Banua Layuk, merupakan simbol kepemimpinan tertinggi dalam struktur masyarakat


Kampung Ballapeu’. Namun saat ini sudah tidak lagi ditemukan/dibuat oleh
masyarakatnya atau telah hancur. Tidak diketahui dengan pasti sejak kapan Banua
Layuk eksis di Ballapeu.

Proses pembuatan banua layuk dari permulaan hingga bangunan siap untuk ditempati
tidak terlepas dari kegiatan upacara ritual dengan mengorbankan ayam atau babi.
Struktur banua layuk yang terdiri atas tiga bagian, yakni atap, badan, dan kolong
(rumah panggung), selain karena pertimbangan fungsional sekaligus tersirat makna
filosofi.

Secara fungsional bentuk rumah panggung adalah:


(a) menghindarkan gangguan dari binatang buas,
(b) lantai dapat menampung hawa panas di malam hari, sehingga cocok untuk daerah
dingin,
(c) kolong dapat berfugngsi praktis.

Sedang makna filosofi dibalik struktur banua layuk yang terdiri tiga bagian adalah simbol
dari makroskosmos yang terdiri atas tiga lapisan yakni dunia atas, tengah, dan bawah.
Banua layuk sebagai rumah adat sarat dengan makna simbolik sebagai cerminan dari
nilai-nilai budaya yang dianut oleh masayarakatnya. Simbol-simbol tersebut ditemukan
pada struktur, ukiran, dan unsur-unsur lainnya yang terdapat pada banua layuk.

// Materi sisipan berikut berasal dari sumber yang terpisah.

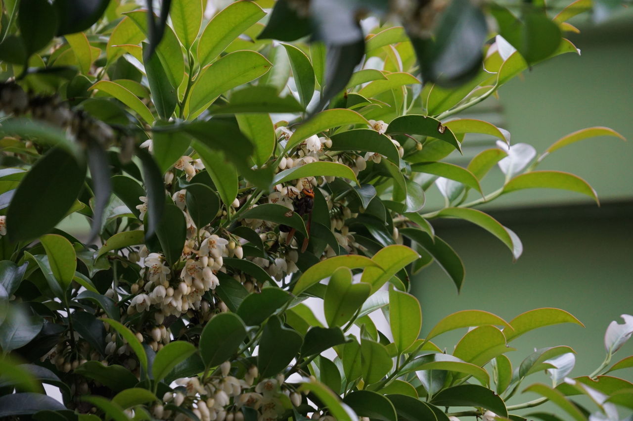 花の蜜を吸いに来たオオスズメバチです。オオスズメバチは蕾の頃に何回か偵察に来ました。心待ちにしていることがわかります。その他ミツバチやシジミチョウ、アシナガバチなども来ます。花の時期、サカキのそばにいると特にクマバチが威嚇して頭の周りを羽音を立てて飛びます。かなりの迫力です。
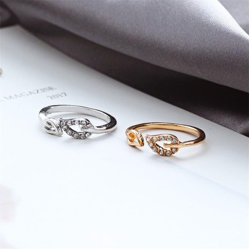 Fashion Flash Diamond Love Ring Leaf Rhinestone
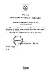 О заместителе Министра внутренних дел Российской Федерации : Указ Президента Российской Федерации от 17.02.2015 № 74. - Электронные текстовые данные (1 файл). -(Москва: ГлавНИВЦ УДП РФ , 2018). - Режим доступа: интернет-портал Президентской библиотеки. Загл. с титульной страницы. Электронная версия:Указ Президента Российской Федерации от 17.02.2015 № 74 "О заместителе Министра внутренних дел Российской Федерации".
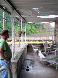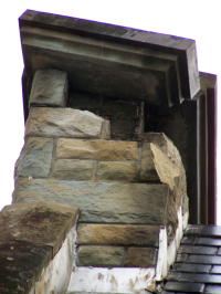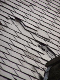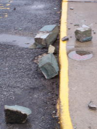 Risk posed for traffic and pedestrians on back street (L) with Grantsville residents saw the flash and heard the strike. Pieces of the chimney fell to the street behind the courthouse and rolled down the roof, crashing through an aluminum porch awning. Pieces of the original slate roofing shingles were also damaged on the historic building. County commission president Rick Sampson said he hopes shingles matching the original ones can be found. |

Terdapat beberapa persamaan di samping perbedaan antara banua layuk di Mamasa


dengan tongkonan di Tana Toraja. Adanya persamaan dari keduanya karena mempunyai
akar budaya yang sama, dan adanya perbedaan disebabkan oleh kondisi lingkungan dan
sosial budaya yang berbeda dari kedua rumah adat tersebut.